PD/GWSS Board Evaluates Red Blotch Disease for Possible Study
The California Department of Food and Agriculture’s (CDFA) Pierce’s Disease/Glassy-Winged Sharpshooter (PD/GWSS) Board held a lengthy discussion at its April 29 meeting in Sacramento regarding the designation of red blotch disease as a new disease for the Board to target for research and funding, but decided to defer a vote on the designation until its next meeting, scheduled for June 21 in Sacramento.
Board member Steve McIntyre of Monterey Pacific Vineyards, who chairs the Board’s “Other Pest or Disease Designation Committee,” that held two meetings to discuss red blotch, said, “There is a ton of interest in this and we’ve gotten a lot of calls. There is a lot we don’t know about this disease.”
With input from red blotch researchers Mysore Sudarshana, Adib Rowhani, and Maher Al Rwahnih of UC Davis (UCD), and Marc Fuchs of Cornell University, the committee went through the CDFA checklist for recommendation to declare a designation, and McIntyre said, “It scored higher than any other pest or disease we’ve evaluated to designate,” receiving 11 out of 13 points.

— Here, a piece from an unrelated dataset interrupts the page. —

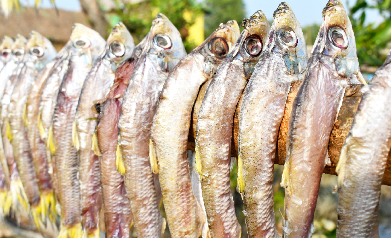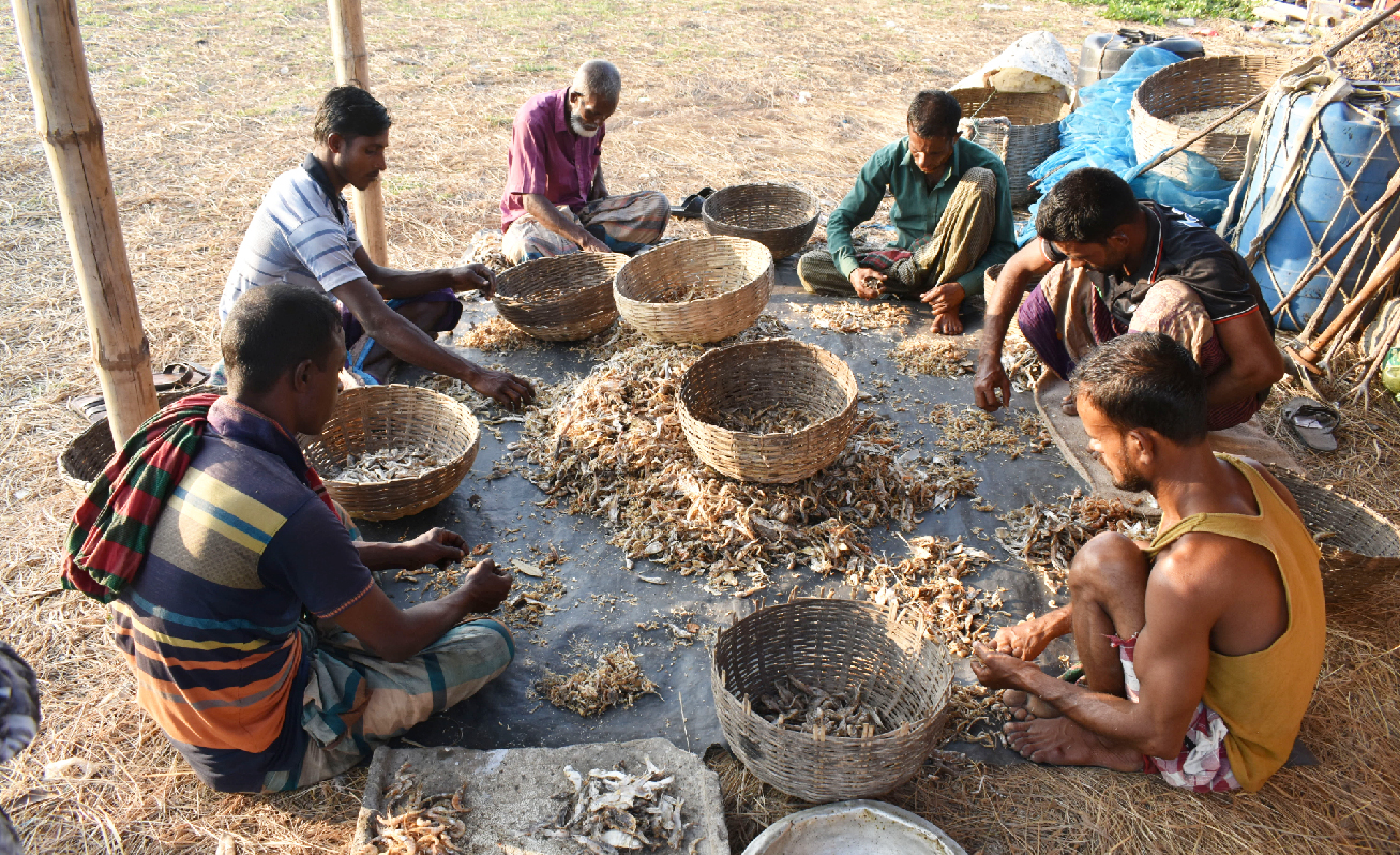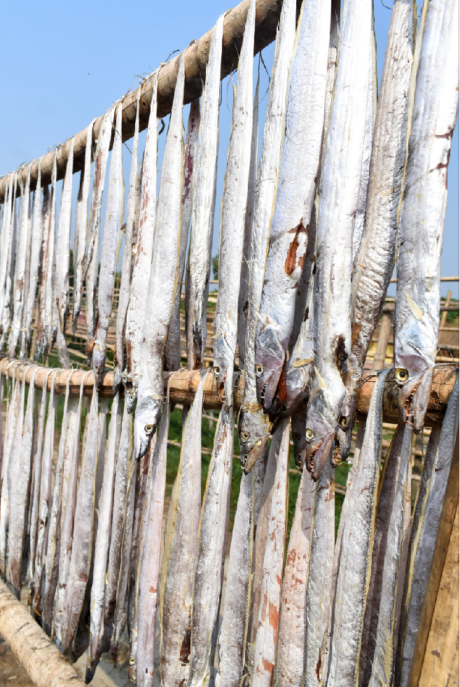Life on Dubla Island follows a rhythm shaped by the sea. The fishermen stay in makeshift camps locally known as “Chhals”—simple structures made from bamboo, tarpaulin sheets, and mangrove wood. Each camp is led by a “Majhi,” who organizes fishing teams and manages daily activities. The fishermen head out to the open sea in groups, often spending several days on their small boats. Their days begin before dawn as they venture into the waves to cast nets, catching fish, shrimp, and other marine life that sustain the local fishing economy. Once the boats return, the catch is processed immediately—cleaned, sorted, and dried under the sun to produce the famous Dubla Island dried fish (Shutki). The entire island becomes a giant open-air drying yard during the peak season, with rows of fish spread across bamboo racks, filling the air with a distinctive scent. This dried fish is later sold across the country and also exported abroad, supporting thousands of livelihoods.
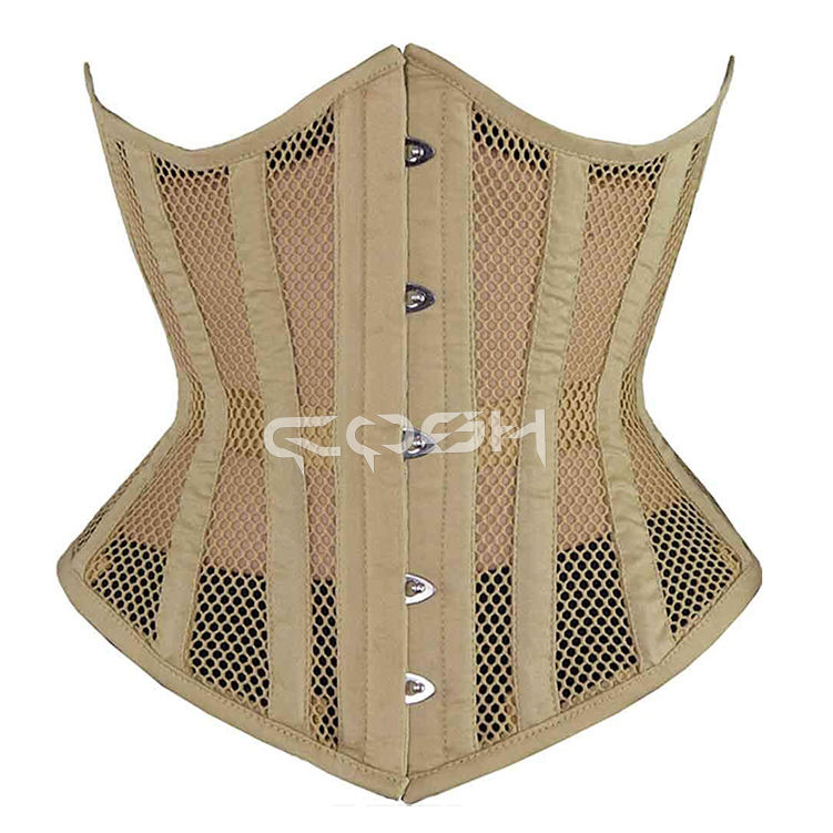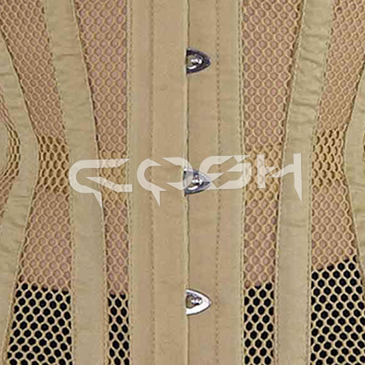 ชุดรัดเอวคอร์เซ็ตรัดเอวผ้าลูกไม้ตาข่ายสีเบจแฟชั่นและฟิตเนส

The PD/GWSS Board received authorization following 2009 legislation and the 2010 grower referendum to use assessment funds for research and outreach on other serious pests and diseases of winegrapes, as long as such funding does not interfere with PD/GWSS control and research efforts. To date, only the European Grapevine Moth has received designation by the Board and received funding for outreach.
Three grapevine nursery representatives attended this week’s meeting, citing industry concerns and business problems since red blotch was officially announced as a new grapevine disease in October 2012. Although he acknowledged red blotch has probably been around a long time, and the number of affected acres identified to date is small, Sunridge Nurseries field representative Michael Monette said, “It’s a major fire in our house right now, because of the unknown for growers who want to plant or replant, and because of vines being rejected because growers don’t want to take the risk.”
Red blotch disease, caused by grapevine red blotch-associated virus, shows symptoms similar to leafroll disease with discolored grape leaves in fall and reductions in grape sugar levels up to 5 degrees Brix. The virus can be graft transmissible, and it appears it can spread from neighboring vineyards to uninfected vineyards. It is believed that a vector could cause spread, but possible vectors have not yet been identified. Monette said research to identify a vector is a high priority.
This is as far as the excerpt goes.